# [Task instructions]
Skip the pictures and copy all the data that follows exactly.

# [Stored data]
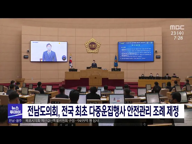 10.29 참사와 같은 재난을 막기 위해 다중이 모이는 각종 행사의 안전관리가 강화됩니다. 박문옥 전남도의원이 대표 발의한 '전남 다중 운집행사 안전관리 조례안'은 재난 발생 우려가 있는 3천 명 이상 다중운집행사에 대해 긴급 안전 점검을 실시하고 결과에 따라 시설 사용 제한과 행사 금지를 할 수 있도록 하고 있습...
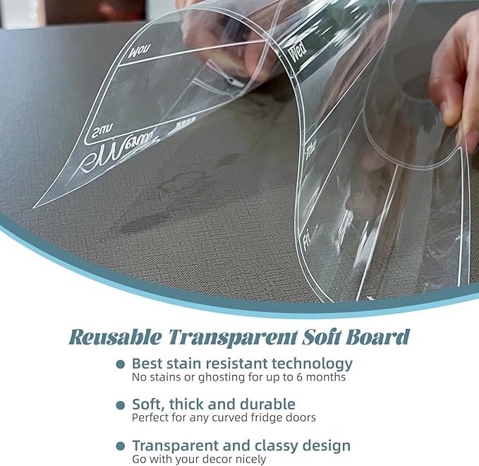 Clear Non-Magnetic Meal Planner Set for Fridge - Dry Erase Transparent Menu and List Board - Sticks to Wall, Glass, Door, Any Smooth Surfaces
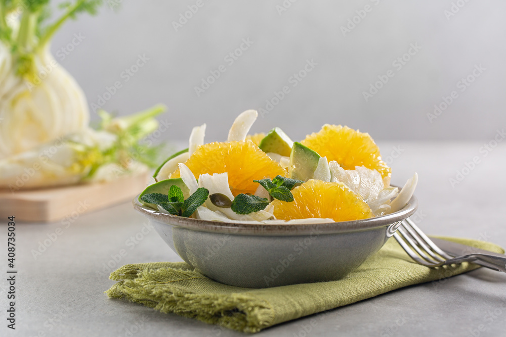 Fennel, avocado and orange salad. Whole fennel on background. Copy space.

# [Result for this exercise]
 10.29 참사와 같은 재난을 막기 위해 다중이 모이는 각종 행사의 안전관리가 강화됩니다. 박문옥 전남도의원이 대표 발의한 '전남 다중 운집행사 안전관리 조례안'은 재난 발생 우려가 있는 3천 명 이상 다중운집행사에 대해 긴급 안전 점검을 실시하고 결과에 따라 시설 사용 제한과 행사 금지를 할 수 있도록 하고 있습...
 Clear Non-Magnetic Meal Planner Set for Fridge - Dry Erase Transparent Menu and List Board - Sticks to Wall, Glass, Door, Any Smooth Surfaces
 Fennel, avocado and orange salad. Whole fennel on background. Copy space.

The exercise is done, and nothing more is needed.